When In Doubt, Make Him Chase You
If you’re unsure whether he’s genuinely busy or just not interested, don’t wait around. Make exciting plans without him to trigger FOMO.
- Okay, I’m going to make other plans since I didn’t get a firm yes from you. Have a good weekend!
- Let me know if you can give me a definite yes. If not, no worries, I’ll hang with my friends instead.
- I’d love a clear yes or no by 6 pm. If I don’t hear back, I’ll go ahead and give your ticket away.

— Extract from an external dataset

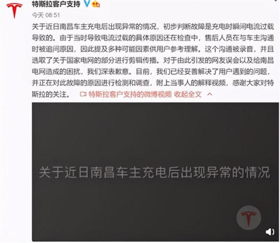 而說出“國家電網電流太大”這句話的特斯拉售后,也專門錄制說明視頻,公開承認責任在己。

Hope you understand!
- That maybe sounds more like a no so I’ll go ahead and schedule other plans. But if you get a free evening, let me know!
- Since I can’t tell if you’re interested or not, I’ll make other plans. Have a good one!
FAQs
What does it mean if a guy says maybe to hanging out?
It could mean he’s genuinely not sure of his schedule yet. But it can also signal he’s on the fence about you, afraid of rejection, or trying to seem “cool.” Give it a few days to see if he follows up with more interest. If he continues being ambiguous, he’s likely just not that enthused.
What’s the best response when a guy says maybe to dating you?
Don’t chase after a “maybe” – be direct that you want someone who’s excited to be with you. Responses like “I don’t date people who are unsure about me” or “I’m looking for someone all in” make it clear you won’t wait around for him to decide if he likes you. His loss!
Is it OK to say maybe to a guy asking you out?
It’s fine to ask for time or wait until you check your schedule. But don’t give a noncommittal “maybe” if you know you’re not interested. Be clear so he can direct his efforts elsewhere rather than getting strung along.
What does it mean when a guy says maybe to being exclusive?
This likely signals he’s not ready to fully commit. Don’t pressure him, but also don’t wait around endlessly. Let him know you want someone as excited to be your boyfriend as you are. His reluctance doesn’t necessarily mean he’s the wrong guy – he may just need more time. But if the ambiguity persists, it may be time to move on.
How do you tell if a guy’s “maybe” is a “yes” or “no”?
Look at his other actions – does he seem very interested and engaged otherwise? Some guys say “maybe” when they mean “yes” but want to appear chill. But consistent disinterest in making plans with you likely means his “maybes” are actually soft nos. Pay more attention to his enthusiasm level than the words themselves.